If so, I would be very interested to hear what the plan is. I believe
that I have spoken to all of the implementors of the various persistence
mechanisms in L4. The best answer I have received (so far) is "mumble,
umm, uh.".

However, it would be good if there were a solution, and I would be
interested to see one.

> >> 4/
> >> You have to allocate kernel memory for the mapping database.  But
> >> there may be solutions to that problem ("in-kernel heaps that were
> >> backed by an out-of-kernel storage allocator.". Is it sigma1?)
> >
> > Yes. No, this is probably not sigma1. The complication is how to make
> > this design correctly transactional in a persistent system, and how to
> > design a kernel that can survive revocation of kernel heap storage by
> > application code.
> >
> > This is deeply challenging. It may be solved, but I do not expect that
> > it will be solved robustly any time soon.
> >
> >> So, if points 3/ and 4/ could be solved, MAP/UNMAP has better
> >> performances.  This is really important if it becomes a common usage
> >> pattern, and I have some ideas that would require MAP/UNMAP
> >> operations.
> >
> > I would be very interested to see a list! Perhaps there are simpler
> > answers.
> >
> 
> It seems to me that you avoid REVOCABLE COPY because it is less
> efficient than COPY (need to create a new object, etc...).  My point
> is that there are cases where REVOCABLE COPY can be a replacement for
> COPY.

As the Russians used to say: quantity has a quality of it's own. When
the latency becomes high enough, the problem is qualitative. The problem
is that low latency implies kernel allocation, and kernel allocation is
incompatible with a robust system architecture.

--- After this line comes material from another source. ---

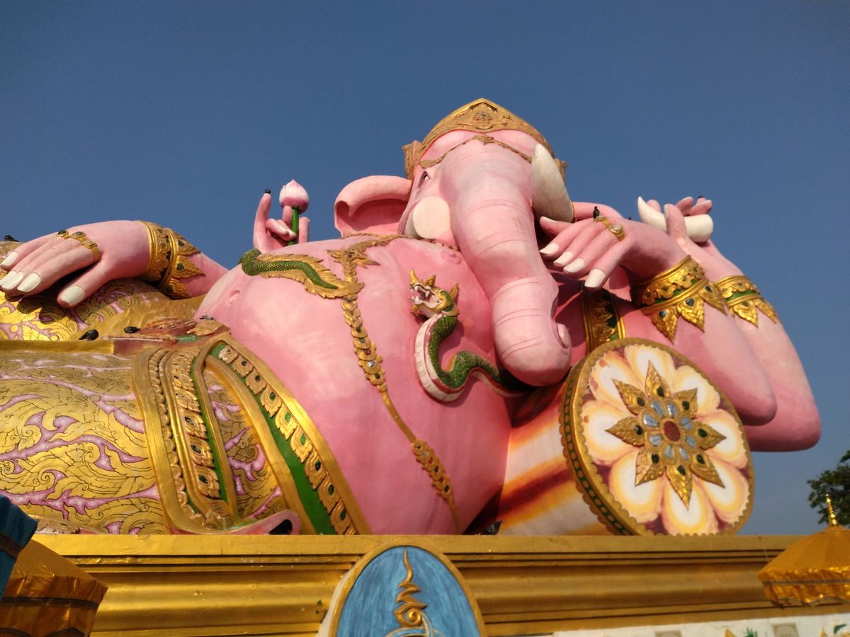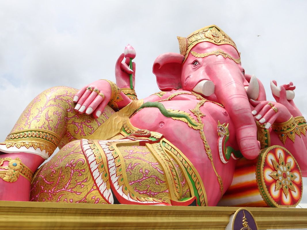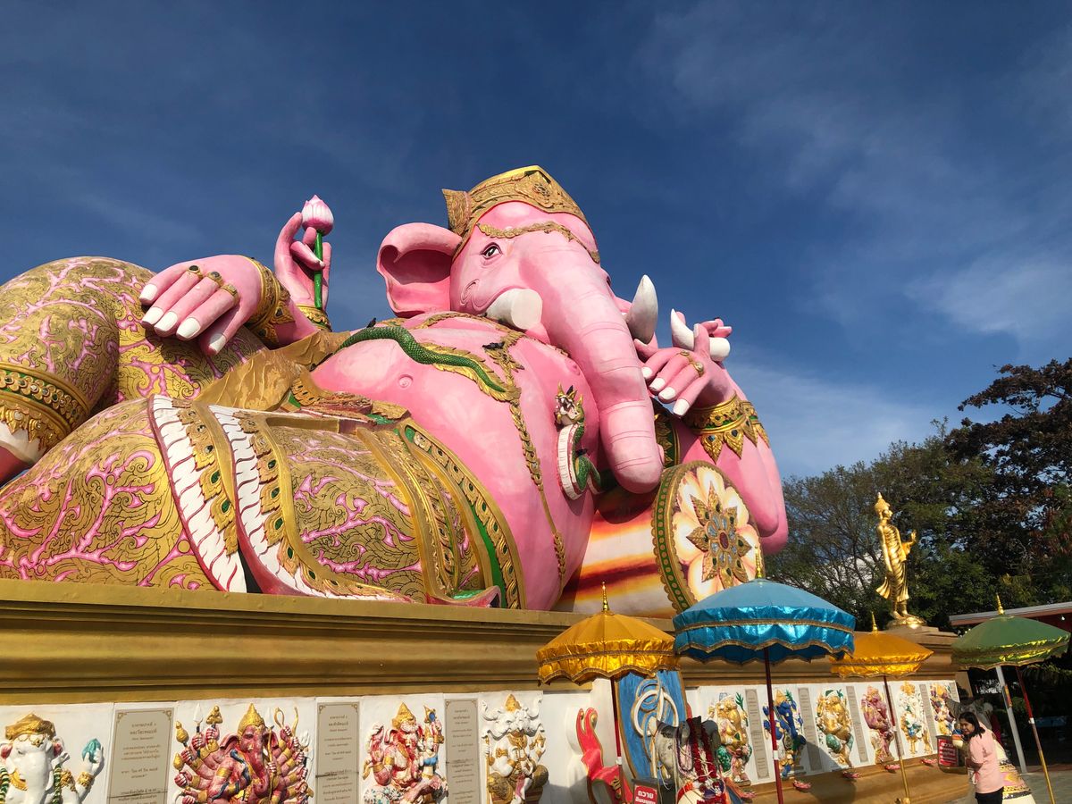 ワットソートンは、立派な寺院で、信仰深いタイの人がたくさん集まっていて、自分の生まれた曜日の仏像に金箔をはり、祈って、興味深くとてもよかったです。ピンクのガネーシャのところは、遊園地のようなところでした。

There is also a formal issue. This probably should not interest the Hurd
group, but I will explain it.

I have mentioned previously that the ability to connect the semantics of
capabilities with the semantics of programming languages is very
beautiful and powerful. It is therefore important to me to preserve
this.

Until Coyotos, the only example I had for a viable REVOCABLE COPY
implementation was the L4 UNMAP operation. My problem from a theoretical
perspective is that I have been unable to construct a formal statement
of the L4 MAP/UNMAP semantics that leads to a sensible formal semantics
for client/server computation.

I should add that we have not been able to do this for EROS or Coyotos
either. The difference is that in the EROS/Coyotos case, we have made
significant progress and we are beginning to see what this structure
would look like.

It is very possible that we simply have not tried hard enough for L4
UNMAP, but my intuition says otherwise.

> > Yes, in both systems this can be done, but with the cost that the server
> > must now deal with revoke during mid-operation. The EROS "trusted buffer
> > object" provides a pre-packaged solution for this that is not doable in
> > L4sec (at least, not at the moment).
> 
> * What are they?  Are they something that make sure that the buffer
> can not be revoked for a certain amount of time?  Or do you have a
> more clever way to deal with this?

See "Vulnerabilities in Synchronous IPC Designs":

        http://www.eros-os.org/papers/IPC-Assurance.ps

> * I don't see the difference between COPY and REVOCABLE COPY with
>   regarde to dealing with revoke during mid-operation.  The memory can
>   be revoked in either cases (either selectivly REVOKED or the memory
>   object could be destroyed, and this makes no difference to me).

Not necessarily.

I think you are struggling here with something difficult. Taken alone,
you are correct that COPY and REVOCABLE COPY are not enough to resolve
this problem. The interesting part about EROS is the ways in which the
pieces interact to let problems like this be solved. The difficulty is
that you need to step back and figure out how to put those pieces
together. One of my tasks over the next month or so is to write a
journal paper that captures some of this.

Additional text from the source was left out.